Saved data entries:
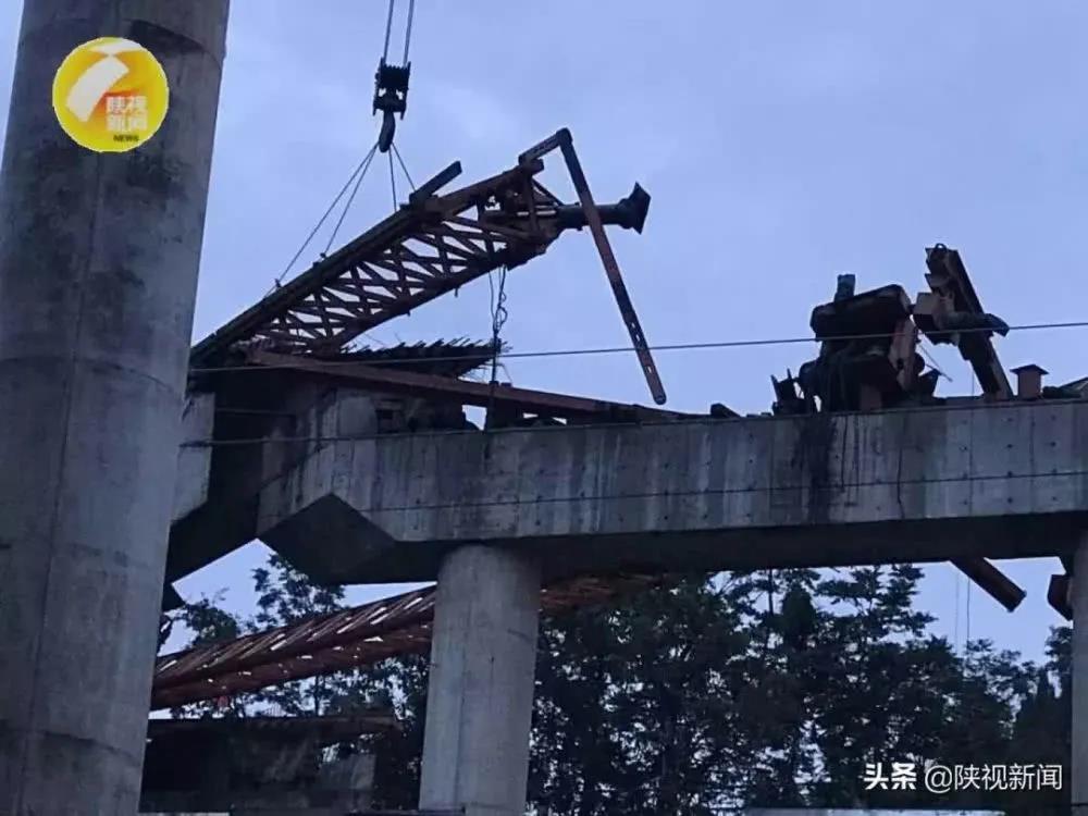 14时25分,架桥机吊挂1号梁橫移至2跨左幅1号位准备下降就位时,伴随着“咔嚓”响声,架桥机左前支腿钢筒支撑销轴突然脱落,左支撑钢筒回缩下沉,1号箱梁以箱梁几何重心为中心逆时针旋转,架桥机向右侧甩尾,带动架桥机右主梁桁架连同右前支腿前冲约5m脱离2号桥墩盖梁悬空坠落,左支撑钢筒断裂向右后方倾倒,架桥机瞬间倾覆解体。因主梁的旋转使吊载的1号梁后部与已就位的3号梁刮擦缠绕,1号梁将3号梁拽出桥墩盖梁一同坠落桥下在建的阳安铁路二线轨道上。解体后向右滚转倾翻的架桥机右主梁桁架前端将王俊霞、谭华军、崔高贤、姚笛、付永平、董炳红、季辉、王海涛、肖文9人砸中压在桥面上,齐辰鹏、胡长安、李航博3人在闪避中不同程度软组织擦伤。
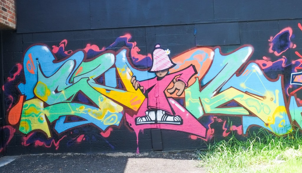 below: “Child Flower” painted on the former Boys Club building on Race Street, by Gleo
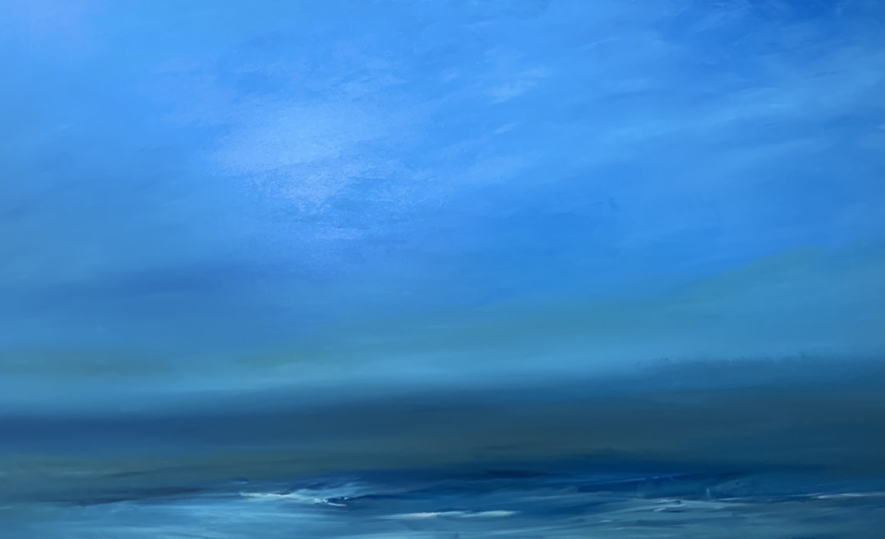 In this painting, the horizon is both an invitation and a question. The land rolls forward in soft bands of green and pale gold, but it’s the sky — wide, layered, and shifting — that carries the weight of the story. Clouds drift in uncertain rhythms, layered with light that doesn’t announce itself, but lingers quietly, like a memory just out of reach.
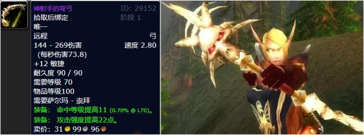 部落萨尔玛声望崇拜后,可以获得的神射手弯弓,堪称地球时代上古骨弓的升级版。敏捷、命中、攻强三位一体的属性,让它成为猎人初期的神器。而且萨尔玛声望几乎零难度,崇拜只是时间问题。那么问题来了,联盟方猎人TBC初期的声望远程武器是什么呢?
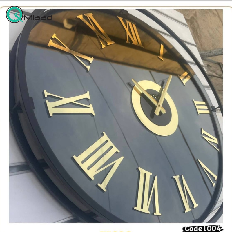 ساعت دیواری تسو مدل 1004، ساعت دیواری مدرن و ساده فلزی قطر 60 سانت با موتور آرامگرد، رنگ مشکی طلایی با آبکاری فورتیک، دارای اعداد رومی برجسته
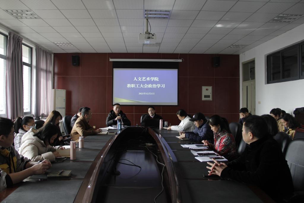 12月1日下午,人文艺术学院在厚德楼H512会议室召开教职工政治学习大会。解读学校《职称申报评审实施办法》和《绩效工资实施办法(修订)》两个文件,同时开展教职工教学技能创新大赛初选。副院长师会敏主持会议,学院全体教职工参加。
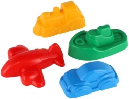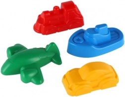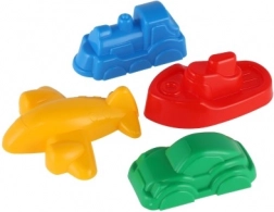 Treno, nave, aereo e auto in colori vivaci motivano i bambini a creare e a giocare nella sabbia e in acqua.
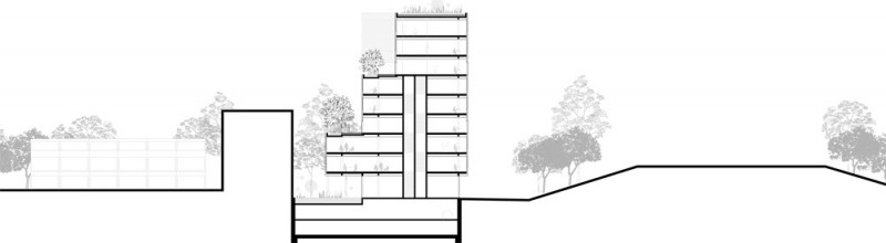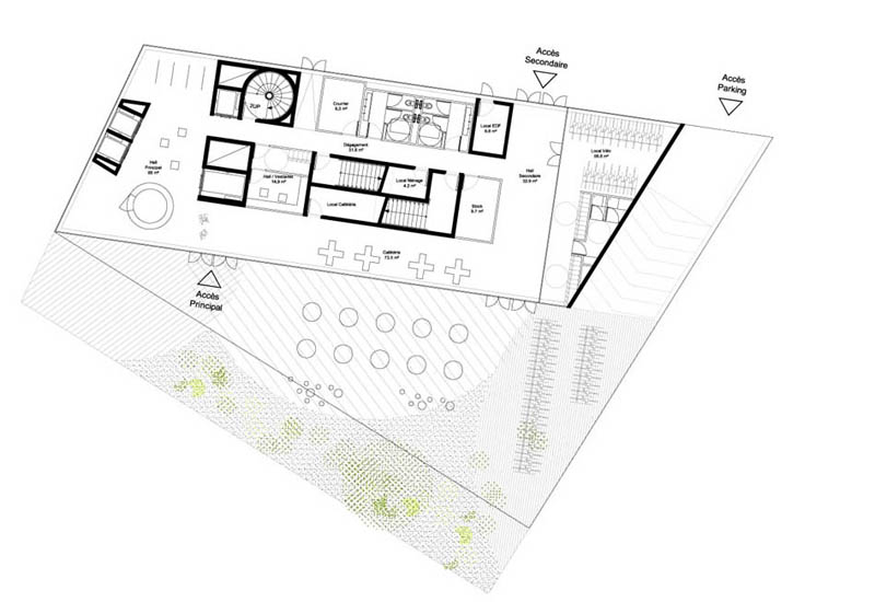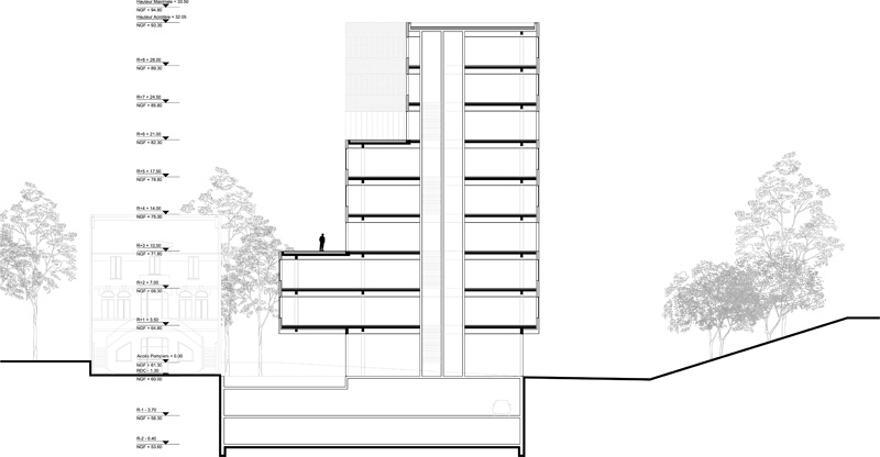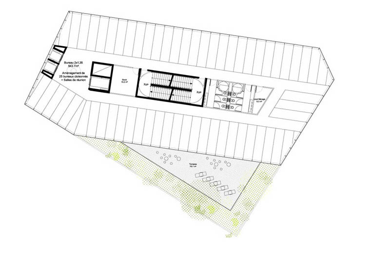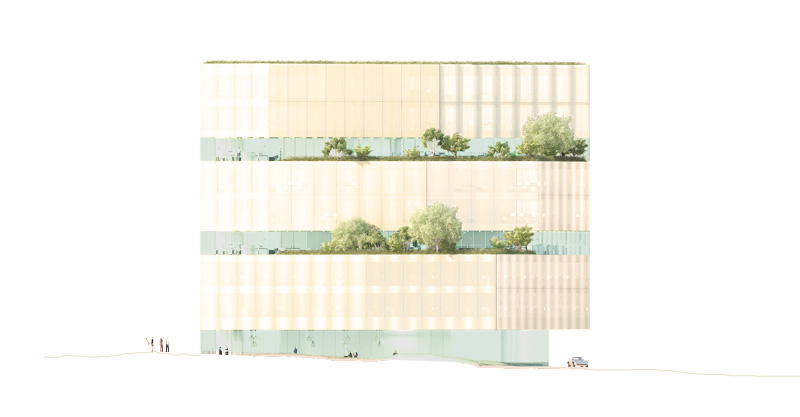 Notre architecture s’inscrit en continuité de la réalisation d’Henri Gaudin. Nous prolongeons le gabarit et la complexité formelle du siège Ipsos, que nous écrivons dans un registre contemporain. Le bâtiment s’ouvre en éventail pour s’affiner progressivement en gagnant en hauteur. Trois larges plans largement arborés sont ainsi libérés. Le premier au niveau du sol s’inscrit en continuité de l’espace d’accueil. Un vaste hall haut d’environ 5,50 mètres sous plafond se prolonge au sud sur la venelle. Puis 2 terrasses successives, l’une au 4ième niveau, l’autre au 7ième niveau ouverte au sud sur Gentilly en continuité des espaces de travail. La périphérie des espaces extérieurs est délimitée par des jardins suspendus. Chaque mouvement de la volumétrie met en scène une césure horizontale d’un étage, vitrée sur 1,95 m de haut.
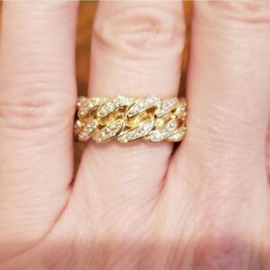 Elegant curb link ring with stunning cubic zirconia and 14k gold plated sterling silver
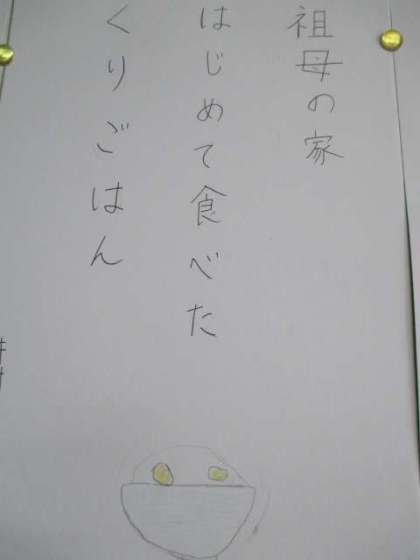 教室の後ろに子どもたちがつくった秋の俳句・短歌が掲示されています。どれも秋を感じられるすてきな作品です。
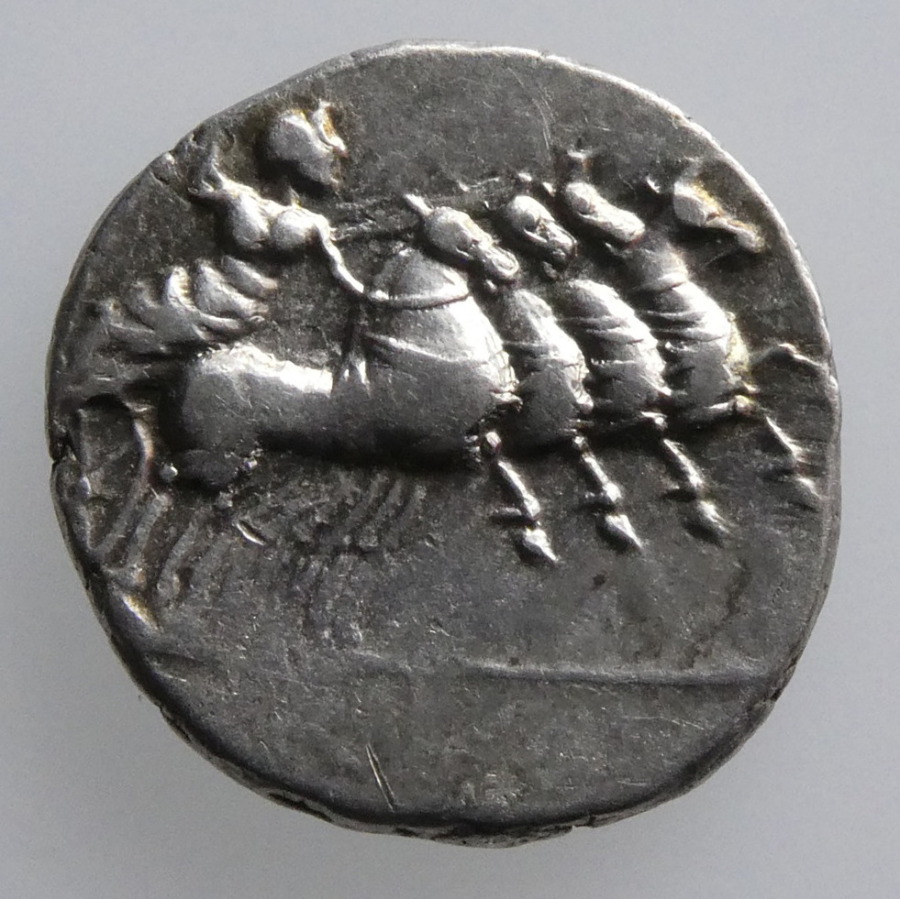 Reverse: Victory in quadriga galloping right, holding reins in left hand and wreath in right hand raised, L IVLI BVRSIO

- [Directions for this task]: Reproduce every record above exactly as given, excluding pictures from the result.

- [Solution to this exercise]:
 14时25分,架桥机吊挂1号梁橫移至2跨左幅1号位准备下降就位时,伴随着“咔嚓”响声,架桥机左前支腿钢筒支撑销轴突然脱落,左支撑钢筒回缩下沉,1号箱梁以箱梁几何重心为中心逆时针旋转,架桥机向右侧甩尾,带动架桥机右主梁桁架连同右前支腿前冲约5m脱离2号桥墩盖梁悬空坠落,左支撑钢筒断裂向右后方倾倒,架桥机瞬间倾覆解体。因主梁的旋转使吊载的1号梁后部与已就位的3号梁刮擦缠绕,1号梁将3号梁拽出桥墩盖梁一同坠落桥下在建的阳安铁路二线轨道上。解体后向右滚转倾翻的架桥机右主梁桁架前端将王俊霞、谭华军、崔高贤、姚笛、付永平、董炳红、季辉、王海涛、肖文9人砸中压在桥面上,齐辰鹏、胡长安、李航博3人在闪避中不同程度软组织擦伤。
 below: “Child Flower” painted on the former Boys Club building on Race Street, by Gleo
 In this painting, the horizon is both an invitation and a question. The land rolls forward in soft bands of green and pale gold, but it’s the sky — wide, layered, and shifting — that carries the weight of the story. Clouds drift in uncertain rhythms, layered with light that doesn’t announce itself, but lingers quietly, like a memory just out of reach.
 部落萨尔玛声望崇拜后,可以获得的神射手弯弓,堪称地球时代上古骨弓的升级版。敏捷、命中、攻强三位一体的属性,让它成为猎人初期的神器。而且萨尔玛声望几乎零难度,崇拜只是时间问题。那么问题来了,联盟方猎人TBC初期的声望远程武器是什么呢?
 ساعت دیواری تسو مدل 1004، ساعت دیواری مدرن و ساده فلزی قطر 60 سانت با موتور آرامگرد، رنگ مشکی طلایی با آبکاری فورتیک، دارای اعداد رومی برجسته
 12月1日下午,人文艺术学院在厚德楼H512会议室召开教职工政治学习大会。解读学校《职称申报评审实施办法》和《绩效工资实施办法(修订)》两个文件,同时开展教职工教学技能创新大赛初选。副院长师会敏主持会议,学院全体教职工参加。
 Treno, nave, aereo e auto in colori vivaci motivano i bambini a creare e a giocare nella sabbia e in acqua.
 Notre architecture s’inscrit en continuité de la réalisation d’Henri Gaudin. Nous prolongeons le gabarit et la complexité formelle du siège Ipsos, que nous écrivons dans un registre contemporain. Le bâtiment s’ouvre en éventail pour s’affiner progressivement en gagnant en hauteur. Trois larges plans largement arborés sont ainsi libérés. Le premier au niveau du sol s’inscrit en continuité de l’espace d’accueil. Un vaste hall haut d’environ 5,50 mètres sous plafond se prolonge au sud sur la venelle. Puis 2 terrasses successives, l’une au 4ième niveau, l’autre au 7ième niveau ouverte au sud sur Gentilly en continuité des espaces de travail. La périphérie des espaces extérieurs est délimitée par des jardins suspendus. Chaque mouvement de la volumétrie met en scène une césure horizontale d’un étage, vitrée sur 1,95 m de haut.
 Elegant curb link ring with stunning cubic zirconia and 14k gold plated sterling silver
 教室の後ろに子どもたちがつくった秋の俳句・短歌が掲示されています。どれも秋を感じられるすてきな作品です。
 Reverse: Victory in quadriga galloping right, holding reins in left hand and wreath in right hand raised, L IVLI BVRSIO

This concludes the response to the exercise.